The status of this historic College has in fact been lowered to the level of an ordinary degree college with the above legislations, alleged the Forum in its memorandum submitted to the Chief Minister recently.
By defining the College as a constituent college of the Cotton College State University (CCSU), the legislation has betrayed its long-cherished dream of upgradation.
The preamble and Articles 2, 5 and 6 of the legislation are contradictory and the government has overlooked their inherent contradiction.
Cotton College, which was set up in 1901 as a degree college under the Calcutta University, later became the most outstanding college of the NE region. It became a full-fledged PG institution, integrated with undergraduate education and perhaps the only one of its kind in offering quality education from the Higher Secondary level to the PG level. It produced the first PhD of the Gauhati University Dr KM Pathak, who worked under the guidance of Dr Govinda Chandra Deka, who was a teacher of Cotton College. The research for the purpose was done at the Cotton College Physics Laboratory.
Prior to the passing of the above legislations, PG teaching was done in the College in as many as 21 subjects and it had an area of around 34 acres. Its facilities included well-equipped laboratories in different science subjects, an enviably rich modern library with a vast stock of books, journals and rare manuscripts.

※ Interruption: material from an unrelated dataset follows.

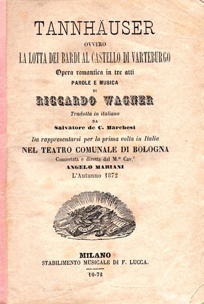 Libretto d’opera. Teatro Comunale di Bologna, Autunno 1872. Piccola asportazione all’angolo del frontespizio. Elenco dei personaggi completo dei nomi degli interpreti tra cui Federica Grun e Giuliano Gayarre. Direttore Angelo Mariani. É il libretto della prima rappresentazione italiana che andò in scena a Bologna il 10 Novembre 1872.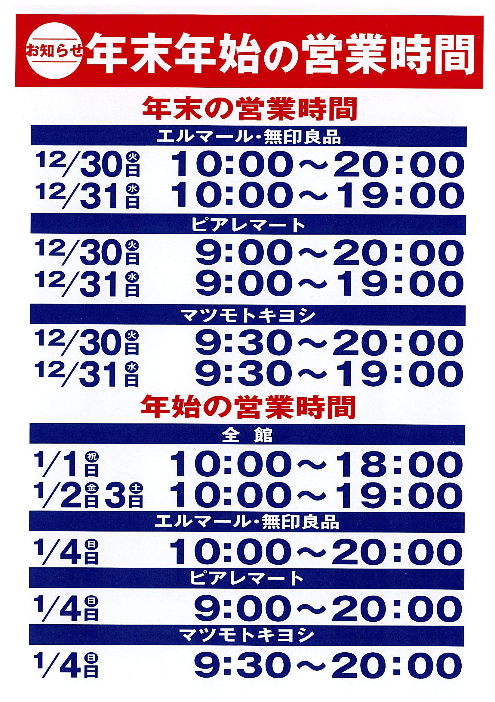 ~年末年始の営業時間のお知らせ~

It was declared a PG institution by the then President of India Dr Shanker Dayal Sharma at a glittering function held in the College premises on October 17, 1992. It had 5,000 students and 250 teachers, including the ad-hoc faculty members, before being degraded to a degree-level college.
Though the National Assessment and Accreditation Council (NAAC) accredited the College as a Grade-A college in 2004 and 2011, it has now become a big question as to what grade it would be accorded by the NAAC this time, since the college has lost everything, said the Forum in its memorandum.